Un de nos collaborateurs, qui a assisté à l'entrée des troupes françaises à Metz, Colmar et Strasbourg, raconte comment il alla visiter une école dans un petit village alsacien.
"A peine débarqué dans le village, j'ai voulu que ma première visite fût réservée à l'école. J'avais hâte d'assister à la classe en français.

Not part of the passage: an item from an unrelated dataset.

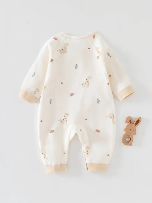 Grenouillère en coton motif cerf | Body doux à manches longues et boutons pour nouveau-né

"Avant la guerre, l'école était faite aux garçons par deux instituteurs, aux fillettes par de soeurs de la Providence, dont la maison mère est à Ribeauville : tous, instituteurs et congréganistes, purs Alsaciens. Quand je suis entré, vers trois heures de l'après-midi, la ruche était en plein travail ; du haut en bas de la maison, c'était la leçon de musique. Ici, les plus petits des marmots chantaient d'une voix aiguë une ronde enfantine :
Enfants de l'école,
Travaillez gaiement :
Chaque instant s'envole,
Profitez du temps...
"Là, des fillettes de dix à douze ans épelaient la Marseillaise, écrite au tableau en belle cursive anglaise. Et il fallait voir quels efforts faisaient les élèves pour articuler les mots : "Al-lons, en-fants de la pa-trie...", au sujet desquels la petite soeur leur avait dit en allemand, d'une voix tremblante d'émotion :
"Mes enfants, nous allons apprendre la Marseillaise, qui est désormais notre hymne national et que tout Français et toute Française doit savoir chanter."
"Chemin faisant, la directrice, qui compte à ce jour cinquante années d'enseignement, me confiait ses espérances et ses désirs :
"Ça ira, ça ira. Elles apprendront vite. Mais nous manquons de deux choses principales : des livres et des souliers."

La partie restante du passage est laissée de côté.